I confess to harboring assumptions, even worrying, about how my GOP/Trumpian democracy opposites are thinking. I laughed when Kareem Abdul-Jabbar chastised Kyrie Irving for posting and praising an Alex Jones “New world order” video, and costing himself millions by refusing Covid-19 vaccine mandates. Kareem on Kyrie’s thought process: “what happens when our educational system fails.” 

The city of Northampton was bipartisan when my Irish born dad became mayor in 1954, serving three terms, cautioning, “We can disagree without being disagreeable.” Taking dad as my guide, I daily wonder why, “THE BIG LIE,” has taken hold with good people like my fellow columnist from Easthampton.         

Harvard’s Robert D. Putnam is a Research Professor of Public Policy. He’s an author of fifteen books on how America has changed during the last hundred years. 

In 2000, “Bowling Alone: The Collapse and Revival of American Community” noted that American’s were losing interest in belonging to societies that had for generations defined a communities image of itself. 

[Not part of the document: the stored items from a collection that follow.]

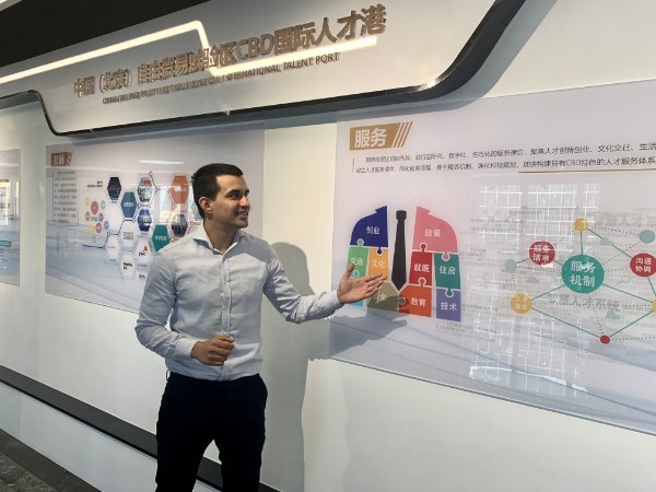 Ahmadzai Abdul Wahed, a 26-year-old entrepreneur from Afghanistan, has been in China for seven years. In March, he founded his company Wuxiangang Culture and Technology, known as NHUB, in Beijing's Chaoyang district with the help of the Overseas Talent Entrepreneurship Conference.
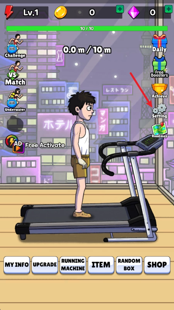 1、进入游戏后点击屏幕即可在跑步机上跑步。
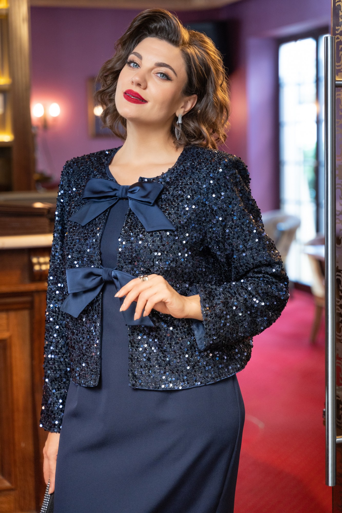 Комплект женский состоит из укороченного жакета из полотна с пайетками и атласного платья. Жакет прямого силуэта свободного покроя с естественной линией плеча на подкладке из атласной ткани. Горловина округлой формы. БАНТЫ СЪЁМНЫЕ! Застежка на съемные декоративные авторские банты с применением потайного крепления на небольшие кнопки, для возможности создания различных образов, как с бантами, так и без них. Платье женское полуприлегающего силуэта с естественной линией плеча. Рукав короткий втачной одношовный. Горловина оригинальной авторской формы. По переду выполнены полурельефы выходящие из пройм. Спинка с вытачками. В среднем шве спинки застежка на потайную тесьму-молнию и шлица.
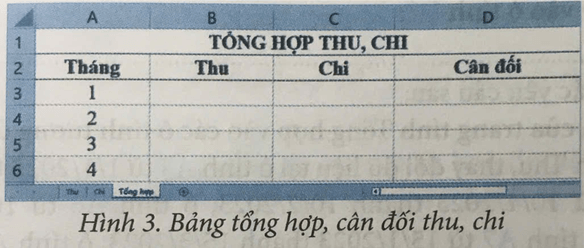 Câu 11: Mở bảng tính QuanLiTaiChinhCLB.xlsx đã tạo ở Bài 8A, thực hiện thêm trang tính mới rồi đổi tên trang tính thành Tổng hợp. Trong trung tính Tổng hợp, tạo bằng tổng hợp thu, chỉ có cấu trúc như Hình 3.
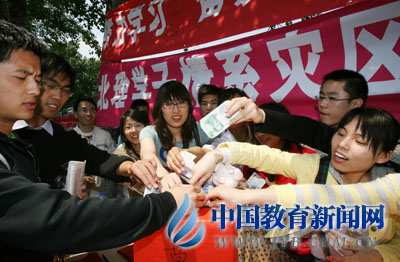 冰球突破mg正规官网师生向灾区捐款。本报记者 修伯明 摄
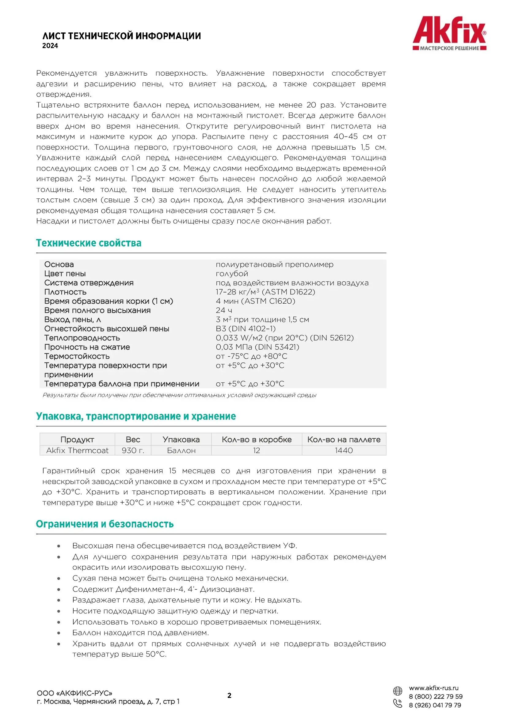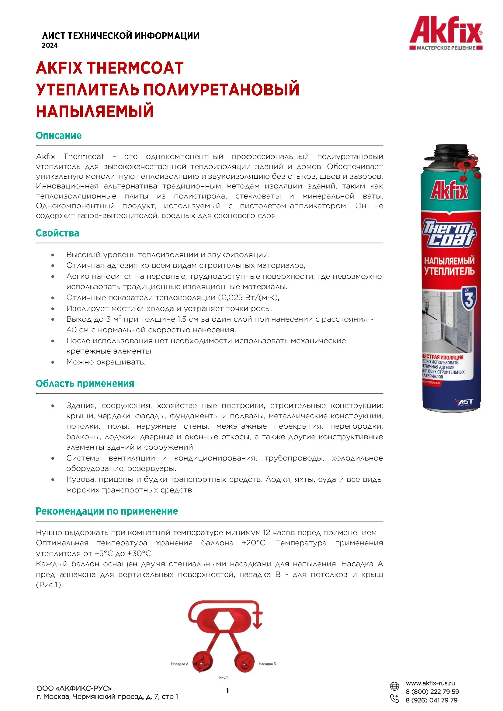 Akfix Thermcoat — это однокомпонентный профессиональный полиуретановый утеплитель для высококачественной теплоизоляции зданий и домов. Обеспечивает уникальную монолитную тепло- и звукоизоляцию без стыков, швов и зазоров.
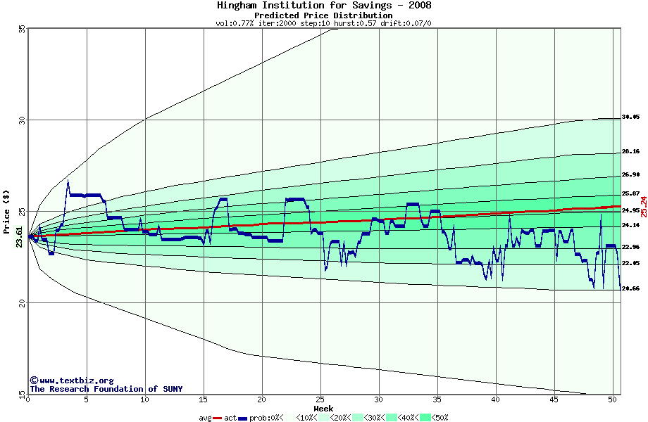 The following graph plots the year-to-date performance of the stock for 2008 compared to the probability calculated by a random walk model.
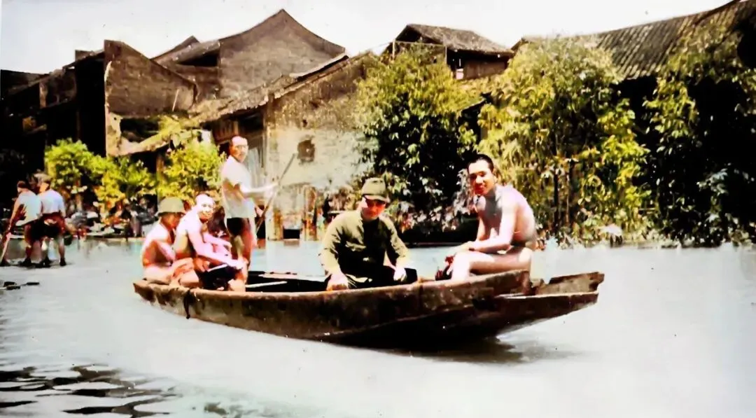 这张是城里发大水,街巷都成了沟,几个人坐着老百姓的小木船悠着走,有人打趣,有人戒备,背景里是瓦顶连着瓦顶,小时候见过这种窄船,木板边抚起来手有刺,现在南宁修了堤和闸,汛期消息一到手机就弹出来,时代真不一样了。
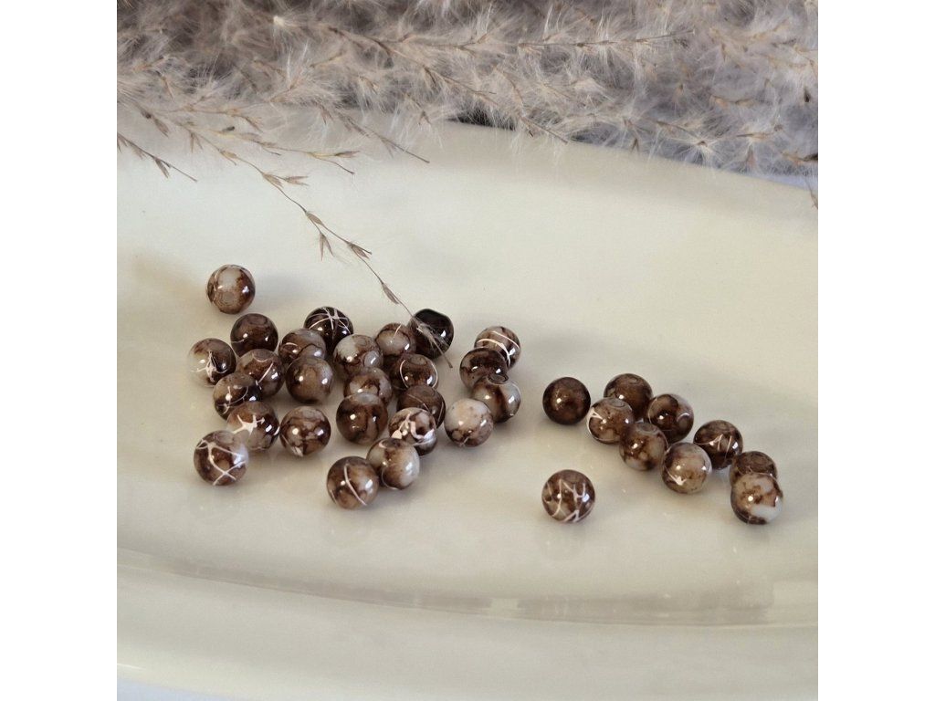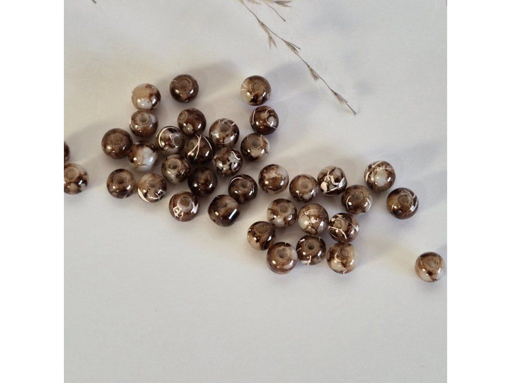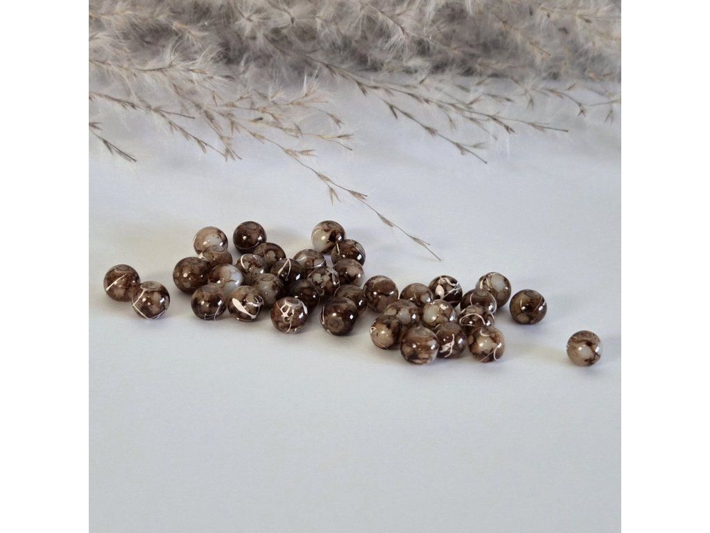 Skleněné dvoubarevné mramorované korálky – hnědo-béžové (6 mm)
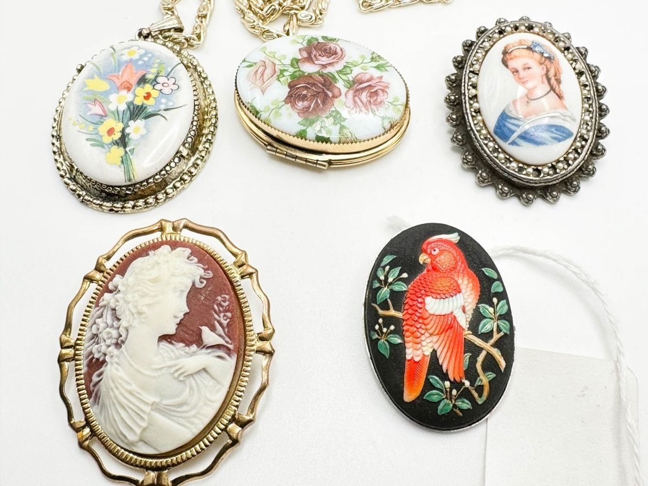 LIMEOGES CAMEO SILVERTONE LARGE BROOCH AND OTHER LARGE CAMEO BROOCHES
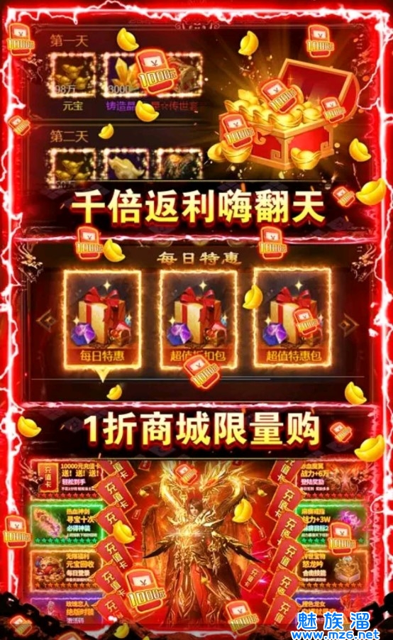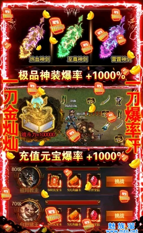 无限福利每日壕领不停!创角直升百级,日送百万元宝!BOSS爆率全部上调1000%,所有装备材料皆能爆!
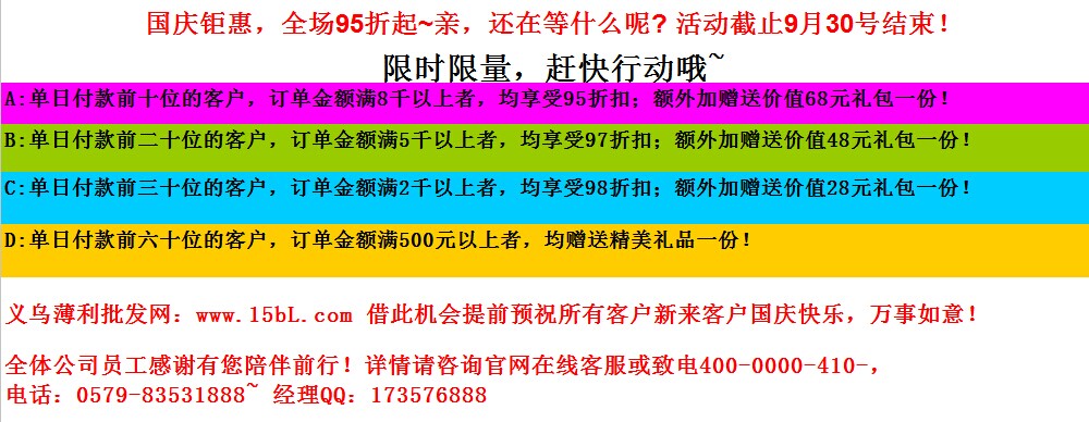 义乌薄利将产品价格下调至最低并且在所有同行业业绩不景气的时打出价格牌!让我们的客户可鲜明对比价格优势!
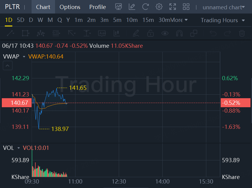 Palantir stock briefly fell 1.9% early Tuesday after having risen in premarket trading. Shares closed 2.9% higher Monday, ending at a record high of $141.41, according to Dow Jones Market Data.
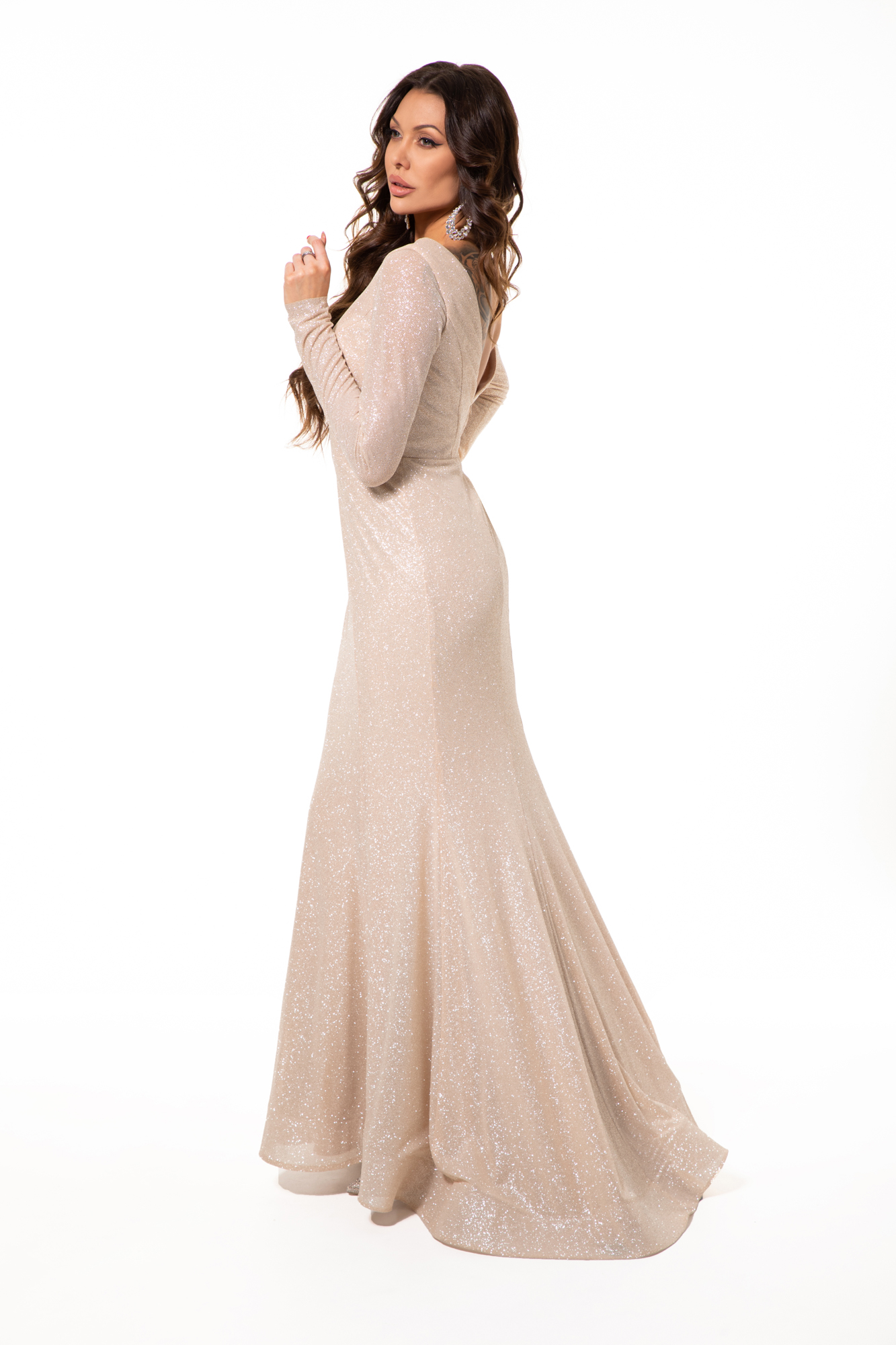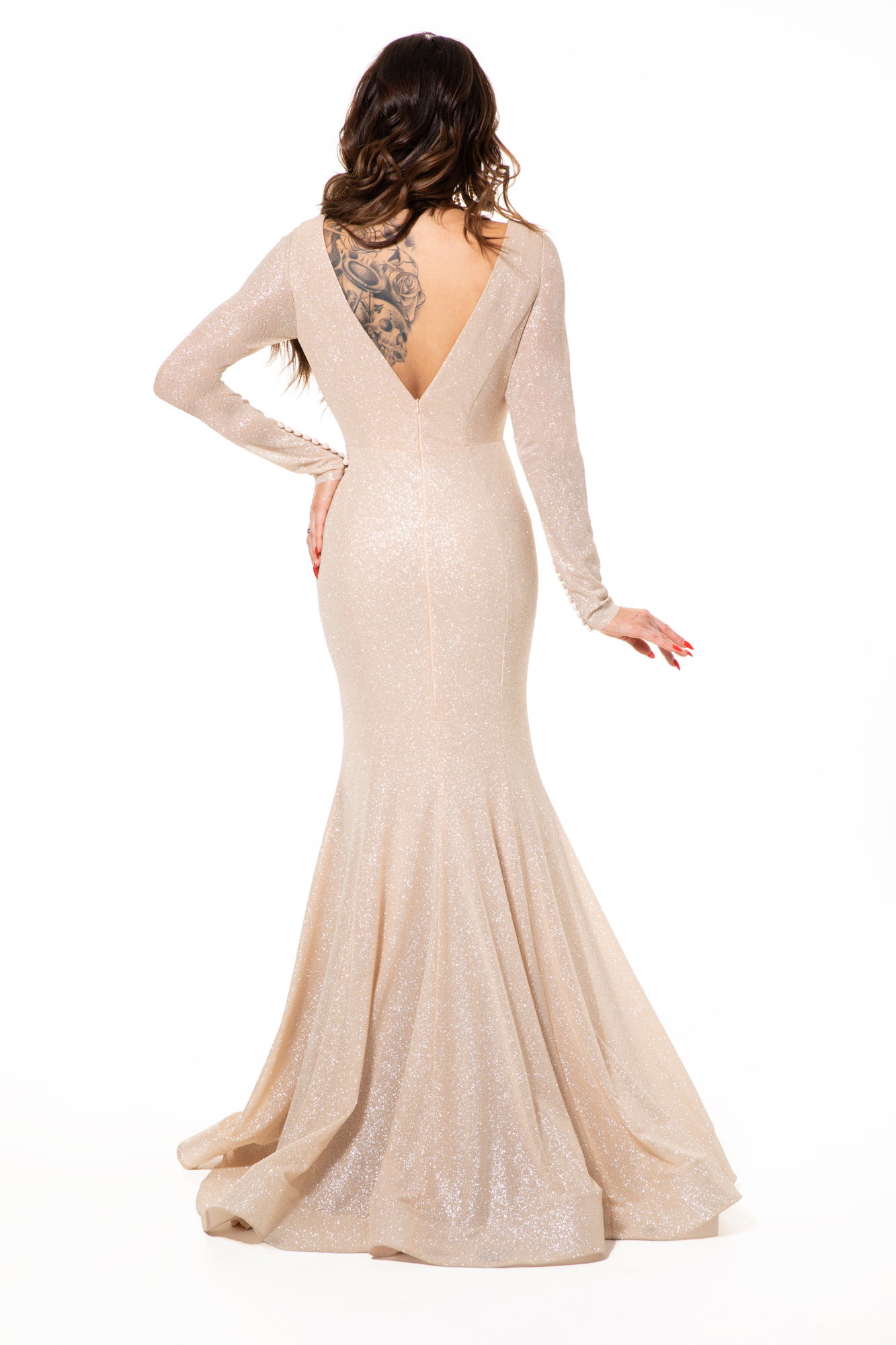 Suknia ASTERIA – spektakularna suknia w fasonie rybki z długim eleganckim rękawem oraz mocno wyciętym dekoltem w „literę V” z przodu i z tyłu. Przód dekoltu przysłonięty cielistego tiulu. Uszyta z dzianiny w kolorze beżowym pokrytej brokatową tkaniną. Dół sukni wykończony krynoliną dzięki czemu pięknie się układa. Suknia idealnie podkreśla kobiece kształty, a mieniąca się na srebrny kolor tkanina sprawia, że jest bardzo efektowna. Suknia idealna na wesela, poprawiny, czy wszelkiego rodzaju bale. Kryształowe kolczyki, klasyczne szpilki w kolorze nude i kopertowa torebka będą jej idealnym uzupełnieniem.

In contrast, my sixty-two years in Northampton had the feel of common purpose. Politician’s clashed, businesses competed, but we tended to believe in each other’s basic goodness. Why not now?

Putnam’s “The Upswing,” 2020, updates many of his earlier studies by addressing four key topics: Economics, Politics, Society and Culture. 

In one way or another, Americans born in the 20th century dealt with all four topics. American history is marred by too many wars. No one born in the 1930s lived a dull life. Our parents would be called, “The Greatest Generation;” their children rode the tide of a mid-century economic boom. Education spread when public high schools became the norm. WWII kicked the economy into gear, Korea followed–and nobody wanted to look back at hard times. 

My St Michael’s class year was special. The Sisters of St. Joseph told us how lucky we were to graduate in 1950, a Holy Year. During the next one, 2000, we joined Ed and Mary McMahon for a trip to Rome. Our faith was strong with good memories. Clerical scandals then safely in the future. Ed and I worked in Democratic political campaigns. 

As a young conservative, I made friends in the Junior Chamber of Commerce. We Jaycees recited a creed, “America is a nation of laws, not of men,” which many today seem to have abandoned. Women would not be full members until a 1984 Supreme Court ruling. Pure misogyny!

By 1960, I was married with three children at 4B Hampshire Heights. We were saving a down payment in hopes of a house. Dad was in his third term as Mayor. His friend, Senator Jack Kennedy, was in the presidential campaign of the century against Eisenhower’s vice president, Richard M. Nixon. I was enamored by Jack’s winning campaigns, which grew when he called for a new generation of leadership in the 60s. Jack’s personal notes to dad and myself solidified  his place in family history.

Elections matter. October, 1962: Jack and his brother Bob found a path to end the Cuban Missile crisis. Everyone spent a fraught weekend praying for our kids, our nation, and its future. 

Which brings me to November’s midterms. 

“This year, the choice is between our democracy as we know it–messy, incremental, often frustrating–and a hard-edged performative populism fueled by resentment, misogyny and racism.” I agree with  Washington Post Pulitzer Prize winning columnist, Eugene Robinson.

May November’s electorate reject the shadow of fascism in those under the spell of a false prophet. 

VOTE in America’s hour of need–before it’s too late!